Montgomery County artist Clydetta Fulmer built the statue, which also contains four historic markers honoring the plaintiffs in the landmark Browder v. Gayle case. A three-judge federal panel ruled on June 5, 1956, that the enforced segregation of black and white passengers on motor buses operating in the City of Montgomery violated the Constitution and laws of the United States. Aurelia Browder, Susie McDonald, Mary Louise Smith and Jeanette Reese were plaintiffs in the case. Freddie Gray, Alabama’s only black attorney at the time, filed the lawsuit. The statue doesn’t honor E.D. Nixon, a Pullman Porter and president of the local chapter of the NAACP, who bailed Parks out of jail. The statue also doesn’t honor Jo Anne Robinson, an English professor at Alabama State College, now Alabama State University, who came up with the idea of the Montgomery Bus Boycott, according to the book “The Thunder of Angels: The Montgomery Bus Boycott and the People Who Broke the Back of Jim Crow,” by Donnie Williams and Wayne Greenhaw. The boycott was supposed to last one day, but it was so successful, it continued for nearly 400 days.
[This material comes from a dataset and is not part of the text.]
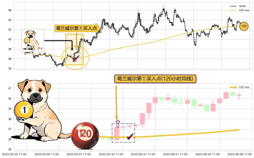 形态多维评估: ⚀ 2022-05-30 10:00:00-小时显现 葛兰威尔均线 120小时均线 第买①入点 走势反转见底信号,后市看涨,买进信号
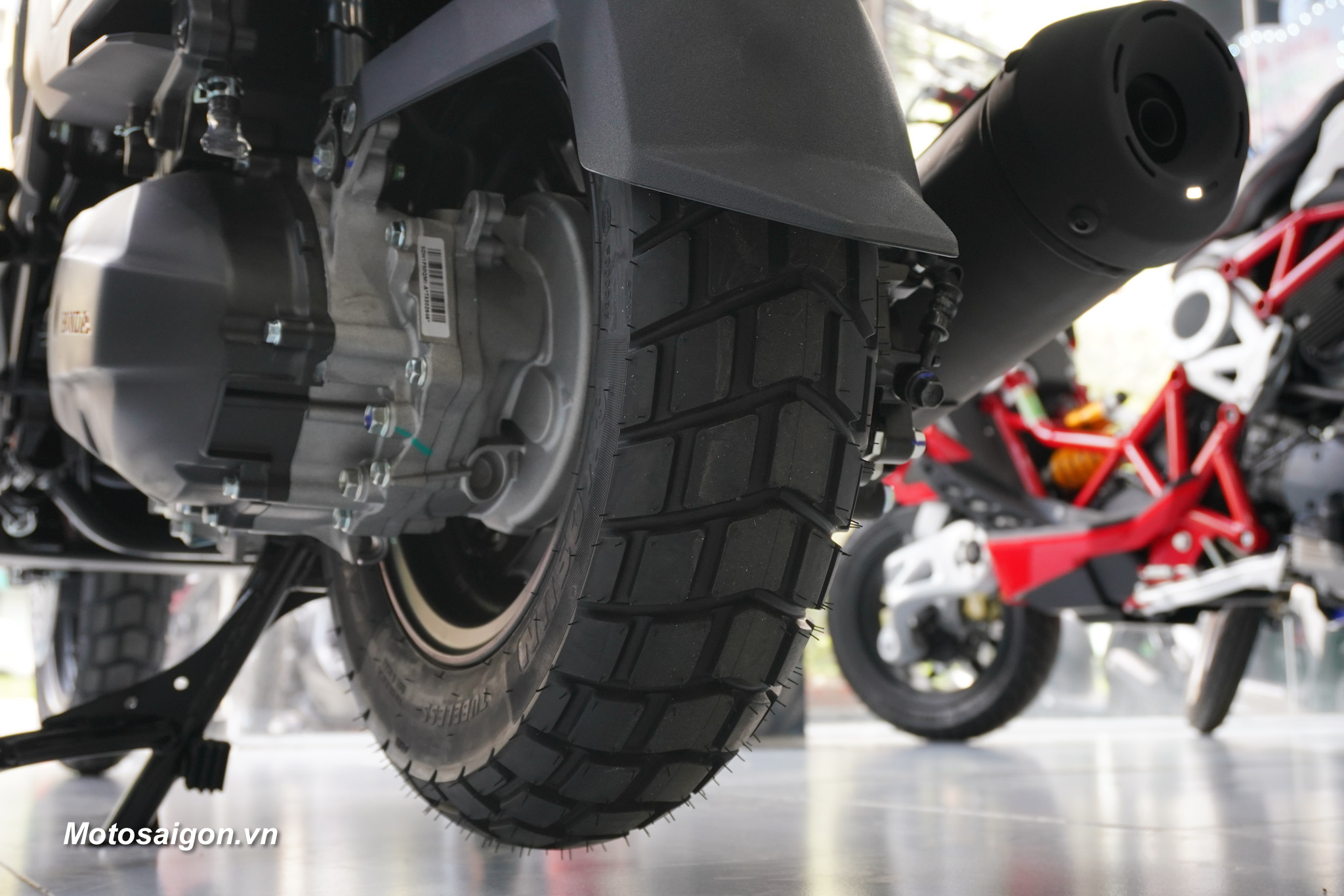 Khung sườn của xe được thiết kế lộ thiên một phần, kết hợp với các mảng ốp thân xe cắt gọt dứt khoát, tạo nên tổng thể cứng cáp và đậm chất kỹ thuật.

The boycott put Parks and a 25-year-old Martin Luther King Jr. into the history books. King later led the boycott.
After the boycott, no one would hire Parks or her husband, Raymond, a barber, who also had been active in the Scottsboro Boys case. The couple moved to Detroit, and Michigan Congressman John Conyers gave her a job.
Parks died October 24, 2005. She was 92.